Output all of the data exactly, keeping any images out of the copy.

• DATA
>>>

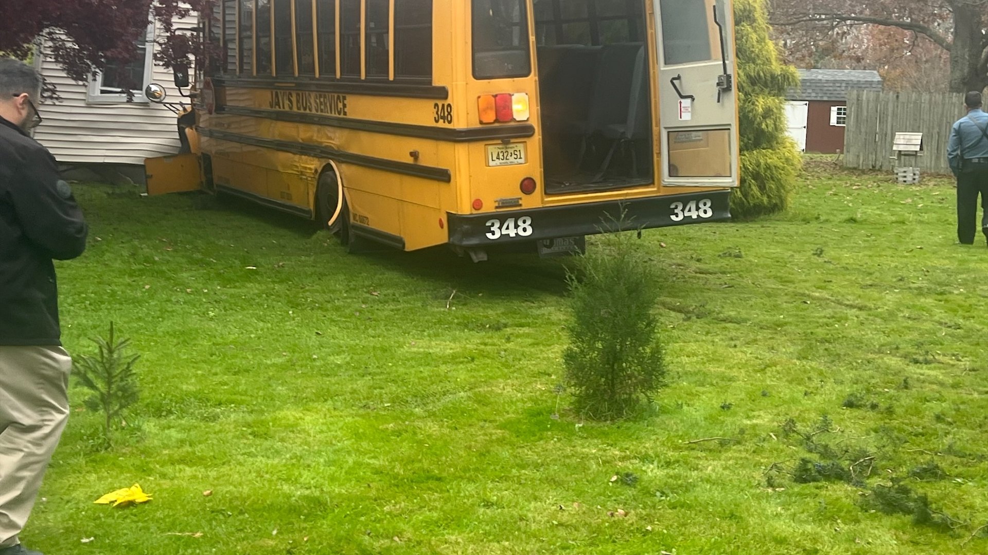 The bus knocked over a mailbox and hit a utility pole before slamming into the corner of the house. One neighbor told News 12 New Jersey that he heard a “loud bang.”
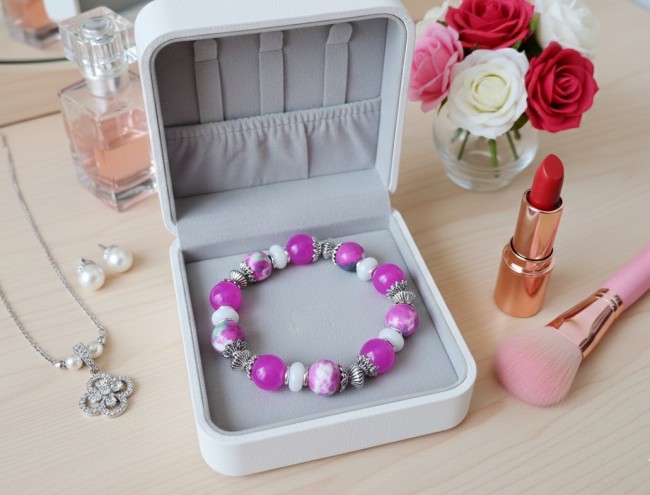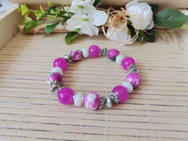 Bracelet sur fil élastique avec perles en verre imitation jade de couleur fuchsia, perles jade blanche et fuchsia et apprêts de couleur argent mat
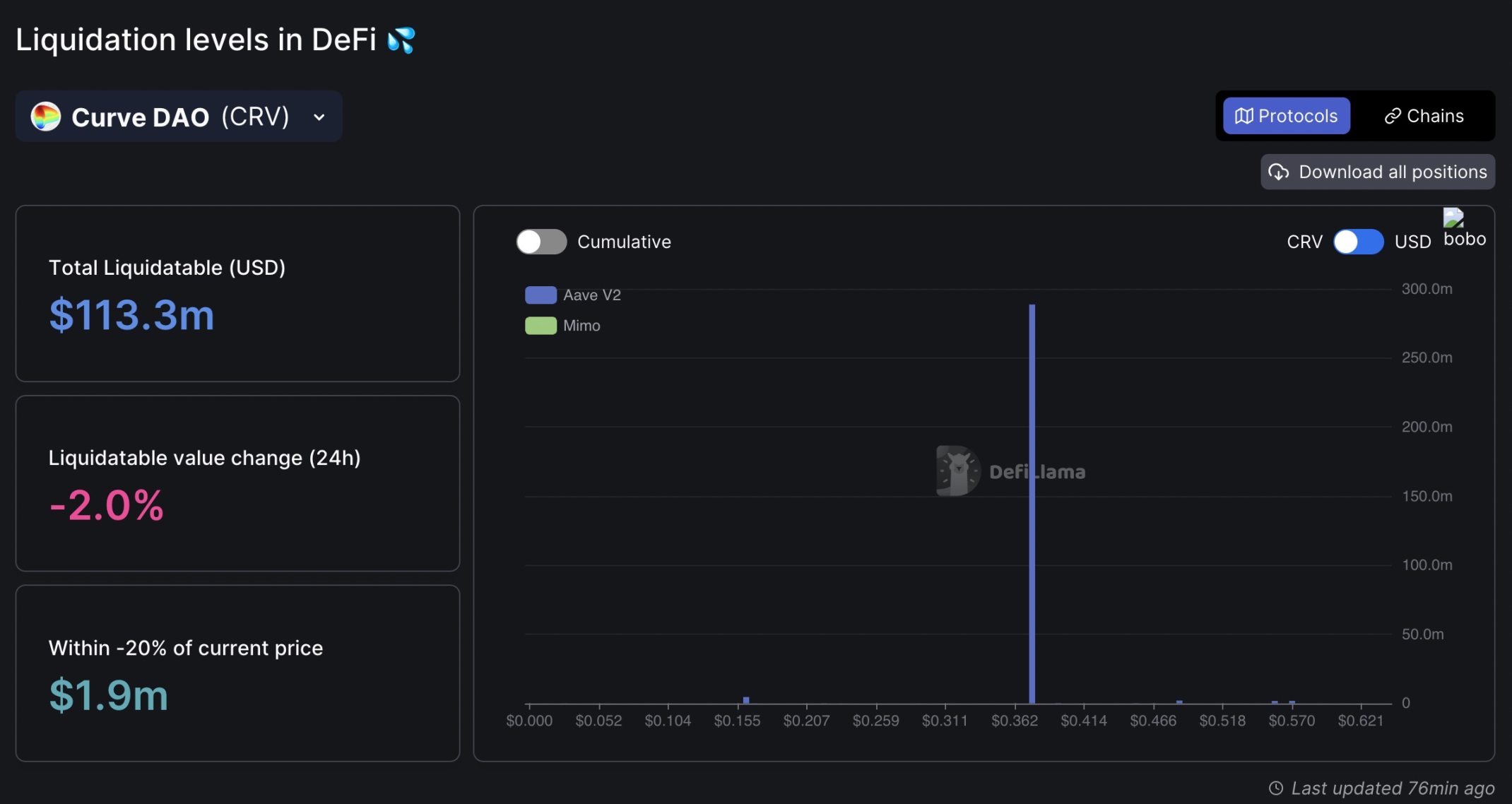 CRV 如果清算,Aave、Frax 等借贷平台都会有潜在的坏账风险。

<<<

• EXERCISE RESPONSE
 The bus knocked over a mailbox and hit a utility pole before slamming into the corner of the house. One neighbor told News 12 New Jersey that he heard a “loud bang.”
 Bracelet sur fil élastique avec perles en verre imitation jade de couleur fuchsia, perles jade blanche et fuchsia et apprêts de couleur argent mat
 CRV 如果清算,Aave、Frax 等借贷平台都会有潜在的坏账风险。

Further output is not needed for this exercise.